The numerical modeling has great applicability in the energy sector, because it can be used in the prediction and planning for the utilization of existing energy resources in a given region, as well as to assess the impacts caused by them. Therefore, the simulation of wind fields is a prominent tool in the assessment of energy potential for the possible installation of wind farms (^{Martins et al., 2007}).

The state of the art presents some studies on the subject that aim at establishing settings and analyzing the performance of climate simulations regarding the wind fields in the Semi-Arid Region in Northeastern Brazil (SARNB) when performed by several, global and regional numerical models, while some cases employ the downscaling technique (^{Cuadra and Rock, 2005}; ^{Alcântara and Souza, 2007}; ^{Santiago de Maria, 2008}; ^{Oliveira and Costa, 2011}).

This work presents the performance analysis of climate simulations regarding wind fields in SARNB using the regional model described by (^{Pielke, 1991}; ^{Pielke et al., 1992}; ^{Cotton et al., 1995}). Besides, distinct turbulence parameterizations and settings for the Newtonian relaxation time scale are evaluated in order to determine which configuration presents the best performance in the representation of wind fields in SARNB.

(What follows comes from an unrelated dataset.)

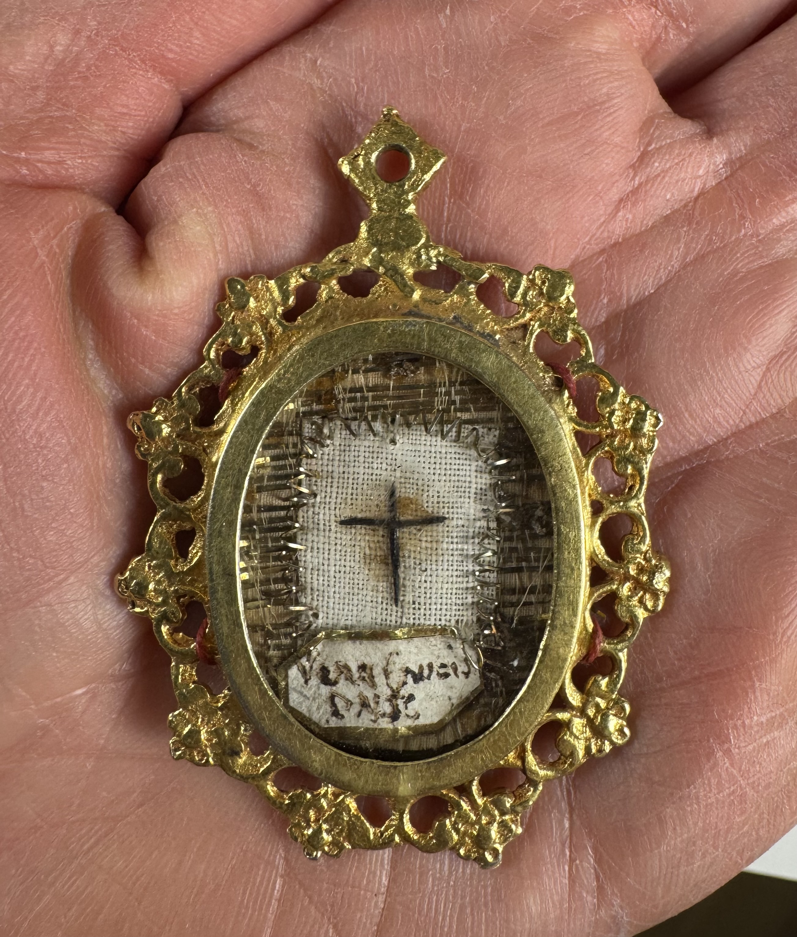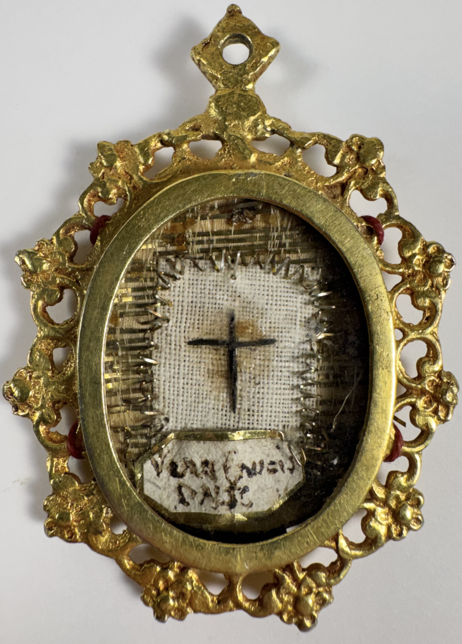 The True Cross is the name for physical remnants that, according to Church tradition, are believed to be from the cross upon which Jesus was crucified. Empress Helena, the mother of Constantine, the first Christian Emperor of Rome, traveled to the Holy Land in 326–28, where she discovered the hiding place of three crosses that were believed to be used at the crucifixion of Jesus and of two thieves, St. Dismas and Gestas, executed with him, and a miracle revealed which of the three was the True Cross. Fragments of the Cross were broken up, and the pieces were widely distributed; in 348, in one of his Catecheses, Cyril of Jerusalem remarked that the "whole earth is full of the relics of the Cross of Christ." Most of the small relics of the True Cross in Europe came from Constantinople after the city was captured and sacked in 1204 during the Fourth Crusade. They were carved up by the present bishops and divided with other very precious relics among the knights, who, after their return to the homeland, donated them to churches and monasteries.

For this purpose, simulations are performed considering the turbulence settings used by ^{Smagorinsky (1963)} and ^{Mellor and Yamada (1974)}. The first one has local influence and depends on the components of local winds. The second one considers the potential temperature and turbulent kinetic energy as the variables necessary for the calculation of diffusion coefficients.

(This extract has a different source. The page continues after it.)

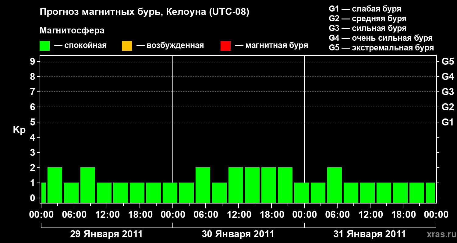 Прогноз магнитных бурь в Келоуне — 29 января 2011 года

The Newtonian relaxation time scales considered in the tests correspond to 12 h and 48 h, which are chosen in order to verify the influence of such parameter on the local wind fields of the region. It is worth to mention that 12 h correspond to a more intense nudging than 48 h.

The validation of the simulation results is performed through comparisons performed between output data obtained from RAMS model and those acquired from meteorological stations of the Brazilian National Institute of Meteorology (INMET) located in the studied regions.

The performance of simulations is evaluated through statistical analysis, which provides the degree of relationship between the series of simulated and observed values. Eight statistical rates are calculated and proper weights are assigned to such quantities according to the respective relevance. Then it is possible to identify the wind regime profile, as well as potential sites for wind energy generation in SARNB, while it allows to determine possible settings for operational routines in order to predict the use of wind resources.

2. Materials and Methods

2.1. Parameterization used in the simulation tests

Two nested grids were used in the simulations performed with model RAMS 6.0. The first one presents a horizontal spacing of 20 km, covering large part of northeast region, except for the state of Bahia (Fig. 1a). The second one used a horizontal spacing of 5 km, which covers the south portion of Ceará state, the west portion of Pernambuco state and the north portion of Bahia (Fig. 1b). Vertically, there are 54 levels with an expansion rate of 1.1 and initial grid spacing of 20 m, initially, which can be extended to a maximum spacing of 1000 m. The model was then configured with 11 soil layers. The Table 1 presents the settings for the two remaining grids.

Grid 1 | Grid 2 | Grid 1 | Grid 2 | ||
---|---|---|---|---|---|

NNXP | 100 | 118 | DELTAZ (m) | 20 | 20 |

NNYP | 100 | 182 | DZRAT | 1.1 | 1.1 |

NNZP | 54 | 54 | DZMAX (m) | 1000 | 1000 |

DELTAX (km) | 20 | 5 | CENTLAT | - 5.67 | - 5.99 |

DELTAY (km) | 20 | 5 | CENTLON | - 40.33 | - 39.64 |

Short and long wave radiations were parameterized according to the scheme presented by ^{Chen and Cotton et al., 1983}, being updated every 20 min of simulation. This frequency was also used to update the settings for cumulus cloud types, while Kuo scheme is applicated in this case, described in ^{Kuo et al. (1974)}. For shallow convection parameterization is used the scheme described in ^{Souza and Silva, 2003}.

For turbulent diffusion parameterization, two distinct settings were tested. The first one uses the anisotropic version of the scheme proposed by ^{Smagorinsky (1963)}. According to ^{Santiago de Maria (2008)}, this setting is recommended for cases where the horizontal and vertical spacing have quite distinct dimensions. Being this is a local scheme, the mixture coefficients depend only on the local and the properties of the current flux.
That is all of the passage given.